Propensity Score-Matched Analysis to Identify Pathways Associated with Loss of Sodium Iodide Symporter in Papillary Thyroid Cancer
Abstract
Sodium iodide symporter (NIS) expression in thyroid follicular cells plays an important role in normal physiology and radioactive iodine therapy for thyroid cancer. Loss of NIS expression is often seen in thyroid cancers and may lead to radioiodine refractoriness. To explore novel mechanisms of NIS repression beyond oncogenic drivers, clinical and RNA-seq data from the thyroid cancer dataset of The Cancer Genome Atlas were analyzed. Propensity score matching was used to control for various genetic background factors. We found that tumoral NIS expression was negatively correlated with tumor size. Additionally, low NIS expression was the only factor associated with recurrence-free survival in a Cox multivariate regression analysis. After matching for clinicopathologic profiles and driver mutations, the principal component analysis revealed distinct gene expressions between the high and low NIS groups. Gene set enrichment analysis suggested the downregulation of hedgehog signaling, immune networks, and cell adhesions. Positively enriched pathways included DNA replication, nucleotide excision repair, MYC, and Wnt/β-catenin pathways. In summary, we identified several potential targets which could be exploited to rescue the loss of NIS expression and develop redifferentiation strategies to facilitate radioactive iodine therapy for thyroid cancer.
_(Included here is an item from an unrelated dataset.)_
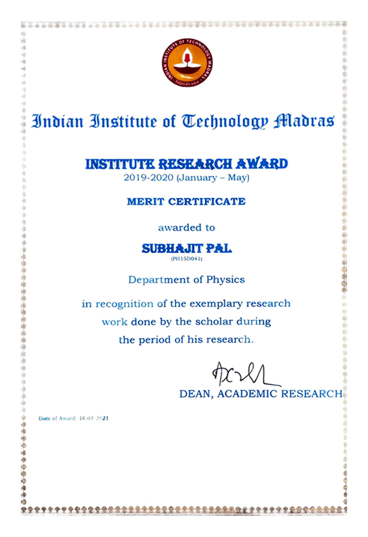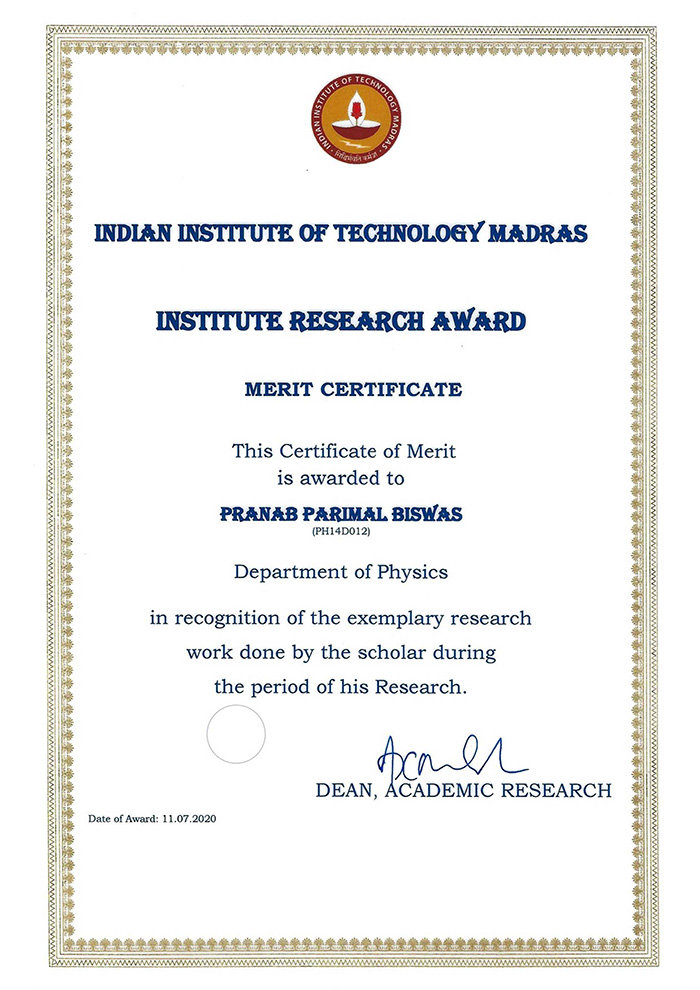 (In recognition of the exemplary Research work done by the scholar during the period of research) during 2020.

Article type: Research Article
Keywords: sodium iodide symporter, thyroid cancer, propensity score matching, gene set enrichment analysis
Affiliations: Department of Surgery, MacKay Memorial Hospital, Mackay Medical College, Taipei 104215, Taiwan; leefang.4828@mmh.org.tw (F.L.); kiwikuo.4289@mmh.org.tw (C.-Y.K.); cst@mmh.org.tw (C.-H.T.); Institute of Biomedical Sciences, Mackay Medical College, New Taipei City 252005, Taiwan; Department of Pharmacology, School of Medicine, College of Medicine, Taipei Medical University, Taipei 110301, Taiwan
License: © 2022 by the authors. CC BY 4.0 Licensee MDPI, Basel, Switzerland. This article is an open access article distributed under the terms and conditions of the Creative Commons Attribution (CC BY) license (https://creativecommons.org/licenses/by/4.0/).
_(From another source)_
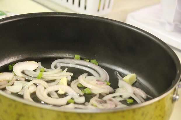 2. Coloque las rodajas de cebolla (y ajo si se usa) en la parte inferior de un frying pan antiadherente con tapa y cubrir con el caldo de pollo. Cocinar a fuego lento durante unos 10 minutos, o hasta que las rodajas de cebolla doradas

Article links: DOI: 10.3390/cimb44040101 | PubMed: 35723359 | PMC: PMC9164071
Relevance: Moderate: mentioned 3+ times in text
Full text: PDF (1.2 MB)
1. Introduction
Sodium iodide symporter (NIS), encoded by the SLC5A5 gene on chromosome 19p13.11, is a transmembrane glycoprotein that mediates active transport of iodide from the bloodstream into thyroid follicular cells [ref. 1]. NIS-mediated radioactive iodine (RAI) uptake is the cornerstone of the diagnosis and treatment of thyroid cancer with RAI. For patients with differentiated thyroid cancer, RAI therapy is associated with a lower risk of all-cause and cancer-specific mortality [ref. 2]. When thyroid cancer becomes RAI-refractory, the 10-year survival rate of patients with thyroid cancer drops to less than 20%, and the life expectancy decreases to 3 to 5 years [ref. 3].
Impaired RAI uptake or accumulation accounts for the refractoriness of RAI therapy. This parallels the dedifferentiation process during tumor progression, with a decrease in, or loss of, NIS expression and/or targeting to the plasma membrane [ref. 4]. Several oncogenic pathways are associated with the loss of NIS expression [ref. 5]. The most well-known molecular link to NIS loss in thyroid cancer is the BRAF V600E mutation—the most common genetic alteration in papillary thyroid cancer [ref. 6]. A selective BRAF inhibitor, dabrafenib, has been shown to stimulate RAI uptake in clinical trials [ref. 7]. However, novel therapeutic targets are still urgently needed to tailor NIS redifferentiation and further improve patient outcomes.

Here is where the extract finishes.